With community facilities, inclusive of amenities, being amongst every community’s most expensive contributors to operating costs, it only makes sense to build and operate only what a community needs. Blindly building facilities without a strategic reason to have them is a waste of valuable resources and lost opportunity to achieve far greater community success.
STRATEGIC PLAN FIRST – THE ONE-DAY EXERCISE FOR STARTING FACILITY PLANNING.
So when a community is at a point where it needs to make facility upgrades or additions, start by doing a little strategic planning on what the community’s mission (purpose) is.
• Who does it serve (young, old, families, etc.)?
• What services and amenities should the community provide?

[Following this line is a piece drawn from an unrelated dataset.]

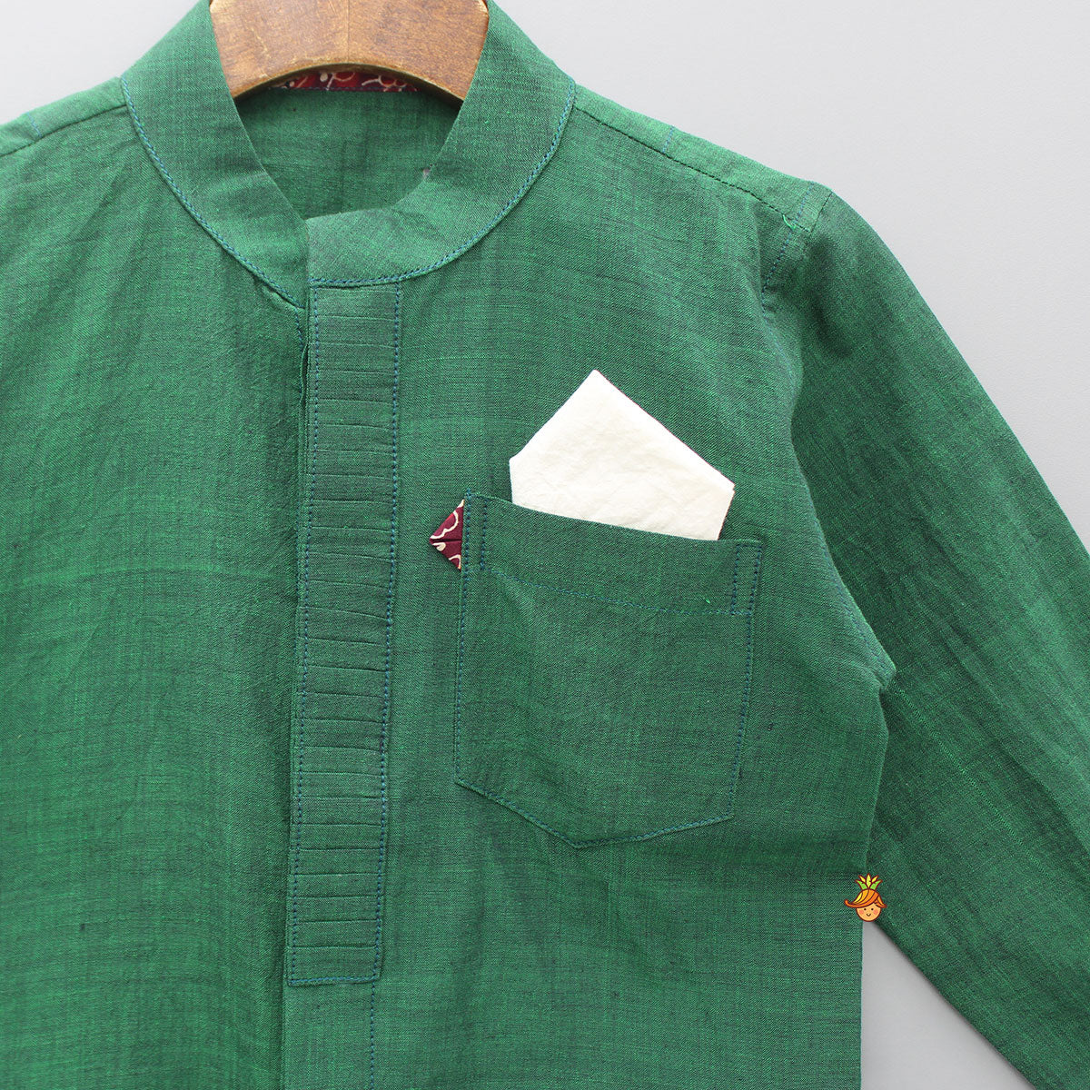 -70%Contrasting Pocket Square Detail Green Shirt—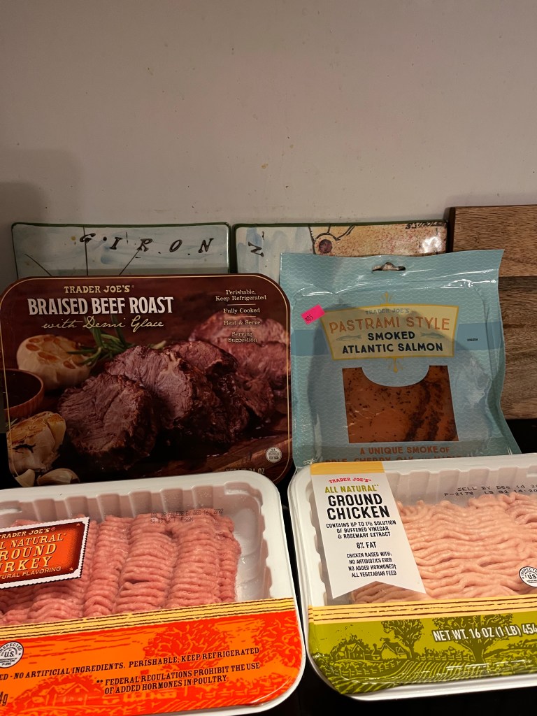 As for meat, I thought a short cut pot roast would be good one night. I will roast carrots, onions, and potatoes in the oven and then heat this up. I got ground turkey and ground chicken for meatballs and then I fell in love with the smoked salmon at the charcuterie place so I am hopeful that TJ’s will be good, too.

• What quality level should be attained?
• What would make the community unique and of great value to its residents?
Once these strategic questions are answered by the association and its board of directors, they provide an understanding of what is truly needed for facility and amenity upgrades.
SURVEY THE RESIDENTS
Now it is time to survey the residents by testing the strategic issues and learning what the entire community wants in facility and operating improvements. This important step in communications involves all residents and builds consensus on what to do, how to do it and how to pay for it. This is called “making the plan the residents’ plan,” and it is very important.
PLAN THE FACILITIES WITH ALL THE FACTS
Then with the strategic plan and residents’ survey clearly pointing the way for future facility needs, the community is ready to proceed with planning improvements that are supported by the association board and the great majority of residents. It takes a little longer to do facility planning this way, but it pays off in big ways of project success and community harmony.